What did you see on your paphs?
Struggling is too vague and I'm just curious.
It'll help others if you specify the details. and what kind of paphs are they?

I am now using about 20 ppm N every watering or every other watering for a while.
I used to used quite strong dilution in the past with no ill effect at all, although I only fertilized about once a month.
Hence, I'm curious about your paphs.



That's why I said 'Adjust as necessary'. I use 10-15 ppm N with every watering, and the plants don't seem to be complaining. It might be too much for paphs - mine are always struggling - but the phrags like it. They're growing well, and no brown leaf tips.

In fact, I might be underfeeding the paphs, they're getting light coloured spots.

Eric and Paphman910 - what N dosage are you using?

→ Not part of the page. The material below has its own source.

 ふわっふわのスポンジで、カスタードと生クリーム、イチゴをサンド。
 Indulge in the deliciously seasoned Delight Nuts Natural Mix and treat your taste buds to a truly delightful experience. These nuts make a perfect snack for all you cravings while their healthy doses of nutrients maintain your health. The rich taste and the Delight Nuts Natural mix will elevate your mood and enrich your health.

The concentrate keeps for 3-4 months before white mold develops. If you boil the distilled water, it will keep longer. I use 'instant-hot' RO water and disinfect the glass bottle before dissolving the fertiliser.
 
Updated pictures of my "Phrags setup".I repotted them and documented everything.
Mix - sponge rock with small fir bark:
bark_perlite.jpg


and these river stones added:
river_rocks.jpg


Roots example - Eumelia Arias:
phrag_roots.jpg


New setup - out of tank, bathroom window, south-west exposure glass with privacy screen, still very bright spot, no water in saucers:

phrags%2Bon%2Bthe%2Bsill.jpg


From left to right:
Hanne Popow, Eumelia Arias, Eric Young, Friz Schoburg. I repotted caudatum too but left it in the tank since it likes it there.
phrags%2Bon%2Bthe%2Bsill2.jpg


Looking good?
 
Yes! They indeed look under'fed' - now that they get more light they will surely grow better. Growing is done through assimilation - not primary through uptake of nutrients. Light (energy) is the first 'nutrient' - light, water and air.

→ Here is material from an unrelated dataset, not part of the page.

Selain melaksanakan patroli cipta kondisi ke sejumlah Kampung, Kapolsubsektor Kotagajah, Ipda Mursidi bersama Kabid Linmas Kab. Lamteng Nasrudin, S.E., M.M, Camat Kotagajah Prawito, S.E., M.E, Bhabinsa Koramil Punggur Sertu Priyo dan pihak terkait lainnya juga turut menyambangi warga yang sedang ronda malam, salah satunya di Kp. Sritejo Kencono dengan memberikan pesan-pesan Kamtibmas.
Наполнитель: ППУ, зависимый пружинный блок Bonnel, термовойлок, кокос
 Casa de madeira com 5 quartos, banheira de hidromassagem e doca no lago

Wish you good luck with your plants!
 
Orchideya, I usually soak clay pots in warm water for maybe 15 minutes before dropping on and have had very
few issues with roots sticking to the clay. I'm one of the
shake the root ball and pot on type growers. I try not to
disturb the roots anymore than I absolutely have to. I
use exclusively Orchiata with a bit of sphag. and Hydroton and most of the clay pots have holes around
the sides. In my very humid greenhouse conditions, I find that air exchange is far more important than just about anything else. I do have to water more often using
this growing method though. I have a LOT of mounts that I have to water, so extra watering is not a bother.
However, this time of year lugging gallon jugs of rainwater back and forth is a pain in the butt!

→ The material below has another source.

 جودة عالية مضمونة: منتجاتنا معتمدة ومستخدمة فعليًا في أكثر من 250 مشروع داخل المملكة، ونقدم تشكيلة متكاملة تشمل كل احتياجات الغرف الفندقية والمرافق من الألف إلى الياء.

Oh, addressing the issue of junk in the rain barrel: I keep
the barrel covered with fine screening and a top and my
roofing is 26 gauge steel so the run off is quite clean. I
donno about shingled roofing.
 
I looked and looked and couldn't find Orchiata for sale anywhere here in Canada. Does anybody know where?
 
Ok, so no orchiata for canadian growers. That's sad.
Thanks for letting me know.
Alla, I think they are good in my mix, at least roots don't rot and grow nicely. I just thought orchiata was "better" bark. :)
 
Ok, so no orchiata for canadian growers. That's sad.
Thanks for letting me know.
Alla, I think they are good in my mix, at least roots don't rot and grow nicely. I just thought orchiata was "better" bark. :)

My impression is orchidata is "better" bark in that it resists breaking down. Using an inorganic media could serve the same purpose: lava rock, Leuca clay balls, turface, maybe even gravel.

Apparently Orchid Zone uses lava rock, and waters all the time. For s/h I use the leuca clay balls (and water once or twice a week).